PROBLEM STATEMENT
Exactly the lines from the one containing "Iqi Qoror, ‘Perfect" through the one containing "Kubek magiczny ⭐" in the listing below are to be copied, with the pictures left out.

DATA LISTING
- Opening Delimiter -
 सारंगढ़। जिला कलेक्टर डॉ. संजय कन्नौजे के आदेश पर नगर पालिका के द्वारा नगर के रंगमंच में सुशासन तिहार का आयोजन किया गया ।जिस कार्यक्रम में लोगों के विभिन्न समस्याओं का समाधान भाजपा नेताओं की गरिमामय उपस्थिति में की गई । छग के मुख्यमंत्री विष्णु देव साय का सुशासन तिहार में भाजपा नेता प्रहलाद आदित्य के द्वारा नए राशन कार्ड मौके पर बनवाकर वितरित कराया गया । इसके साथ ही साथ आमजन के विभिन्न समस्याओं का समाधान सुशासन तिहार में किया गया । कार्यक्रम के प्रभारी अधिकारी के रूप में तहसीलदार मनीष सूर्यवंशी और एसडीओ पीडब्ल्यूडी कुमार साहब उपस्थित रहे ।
- Closing Delimiter -
- Opening Delimiter -
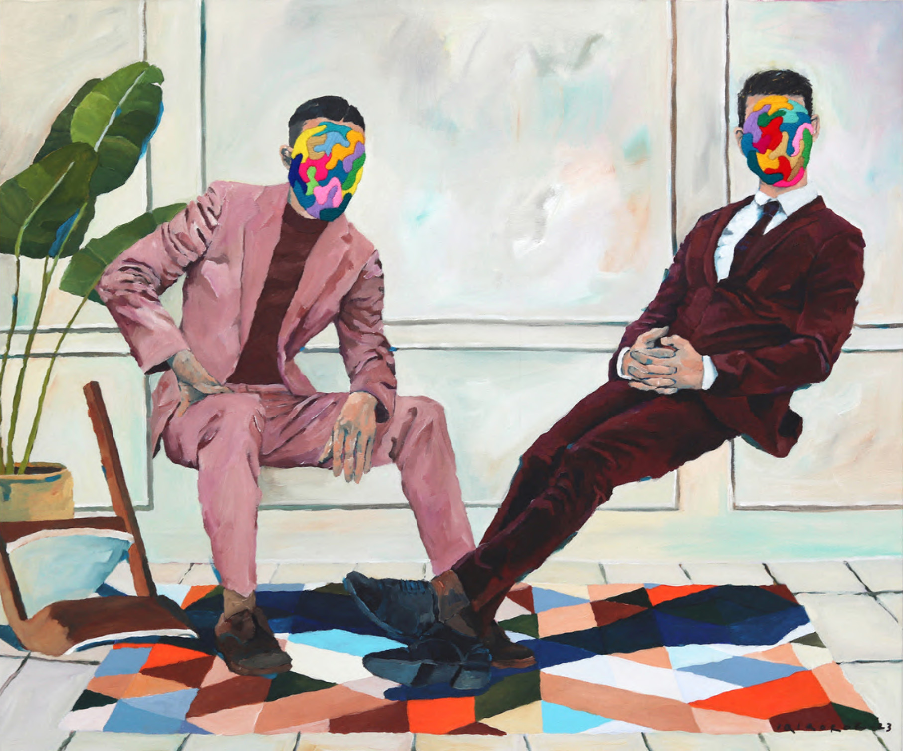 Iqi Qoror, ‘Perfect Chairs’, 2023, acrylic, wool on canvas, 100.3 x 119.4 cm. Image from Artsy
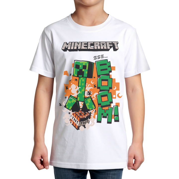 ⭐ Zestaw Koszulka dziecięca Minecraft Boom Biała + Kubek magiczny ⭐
- Closing Delimiter -
REPLY
 Iqi Qoror, ‘Perfect Chairs’, 2023, acrylic, wool on canvas, 100.3 x 119.4 cm. Image from Artsy
 ⭐ Zestaw Koszulka dziecięca Minecraft Boom Biała + Kubek magiczny ⭐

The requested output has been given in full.